» **Task statement**: Pictures are to be left out, and only the lines below starting at the one with "Square neck long" and ending at the one with "50th Happy Birthday" are to be reproduced, each exactly, both ends included.

» **Data records**:
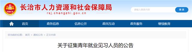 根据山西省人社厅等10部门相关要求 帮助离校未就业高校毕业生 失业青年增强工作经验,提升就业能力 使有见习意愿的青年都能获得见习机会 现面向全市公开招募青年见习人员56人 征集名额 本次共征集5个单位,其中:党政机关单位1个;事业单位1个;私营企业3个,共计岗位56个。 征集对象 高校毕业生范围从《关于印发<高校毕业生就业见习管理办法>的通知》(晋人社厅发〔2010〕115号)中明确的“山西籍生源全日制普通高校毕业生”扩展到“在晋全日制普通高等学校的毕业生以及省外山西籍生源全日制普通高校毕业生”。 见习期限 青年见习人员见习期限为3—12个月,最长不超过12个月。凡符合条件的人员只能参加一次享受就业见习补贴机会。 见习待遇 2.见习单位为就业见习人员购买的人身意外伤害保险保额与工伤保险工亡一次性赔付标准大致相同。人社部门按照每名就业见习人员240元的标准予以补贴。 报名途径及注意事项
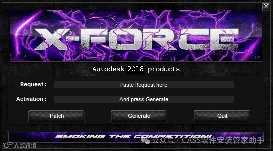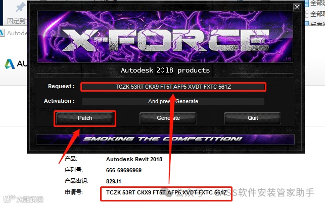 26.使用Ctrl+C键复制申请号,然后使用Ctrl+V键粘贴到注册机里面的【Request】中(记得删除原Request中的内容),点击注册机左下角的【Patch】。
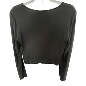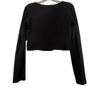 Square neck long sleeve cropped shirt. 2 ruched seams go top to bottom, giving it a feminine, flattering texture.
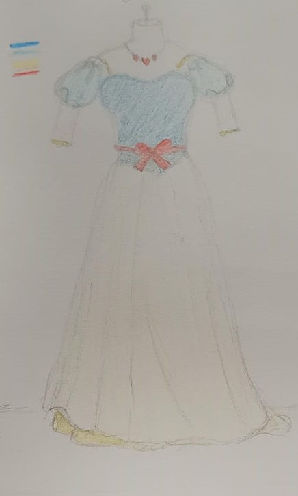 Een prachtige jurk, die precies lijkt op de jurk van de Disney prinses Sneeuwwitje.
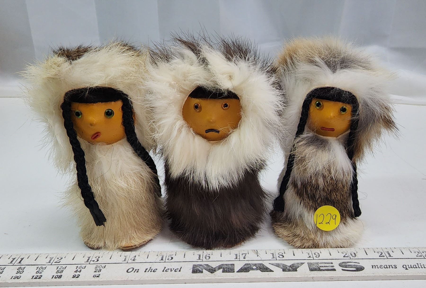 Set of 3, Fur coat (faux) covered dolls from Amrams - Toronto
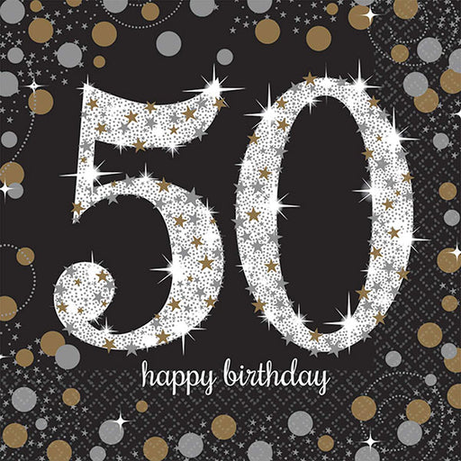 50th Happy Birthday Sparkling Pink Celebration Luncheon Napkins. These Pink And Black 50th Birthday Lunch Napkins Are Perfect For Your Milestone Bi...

* * *

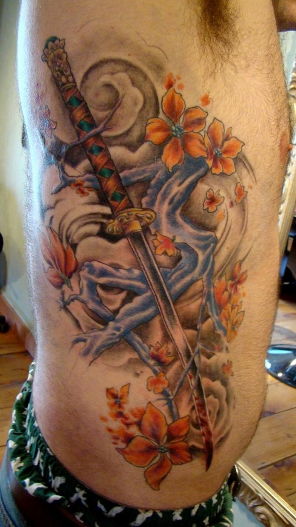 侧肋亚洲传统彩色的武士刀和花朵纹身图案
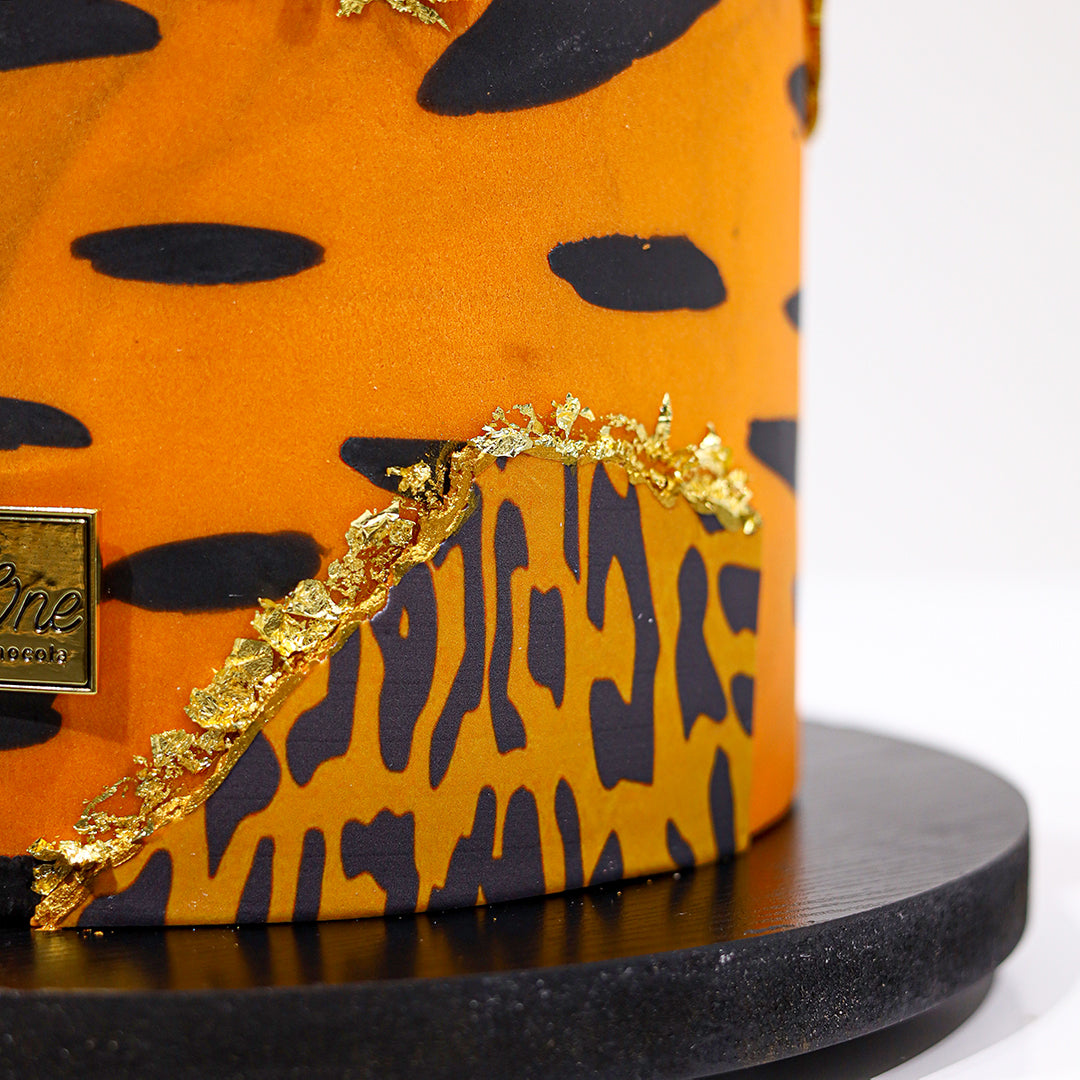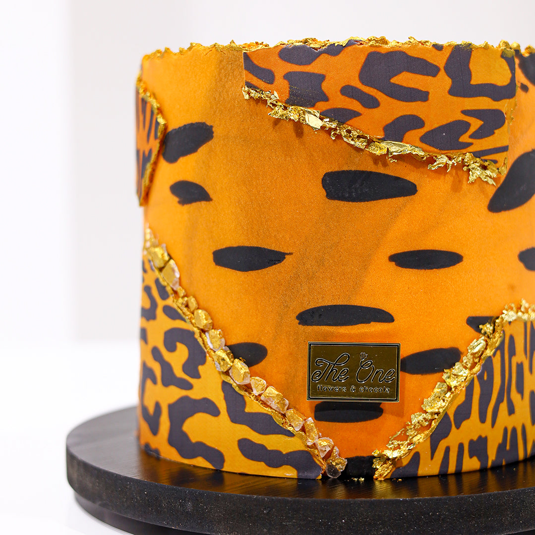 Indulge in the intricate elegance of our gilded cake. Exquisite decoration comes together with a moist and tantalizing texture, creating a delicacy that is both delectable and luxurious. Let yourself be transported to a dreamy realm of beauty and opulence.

» **Solution**:
 Square neck long sleeve cropped shirt. 2 ruched seams go top to bottom, giving it a feminine, flattering texture.
 Een prachtige jurk, die precies lijkt op de jurk van de Disney prinses Sneeuwwitje.
 Set of 3, Fur coat (faux) covered dolls from Amrams - Toronto
 50th Happy Birthday Sparkling Pink Celebration Luncheon Napkins. These Pink And Black 50th Birthday Lunch Napkins Are Perfect For Your Milestone Bi...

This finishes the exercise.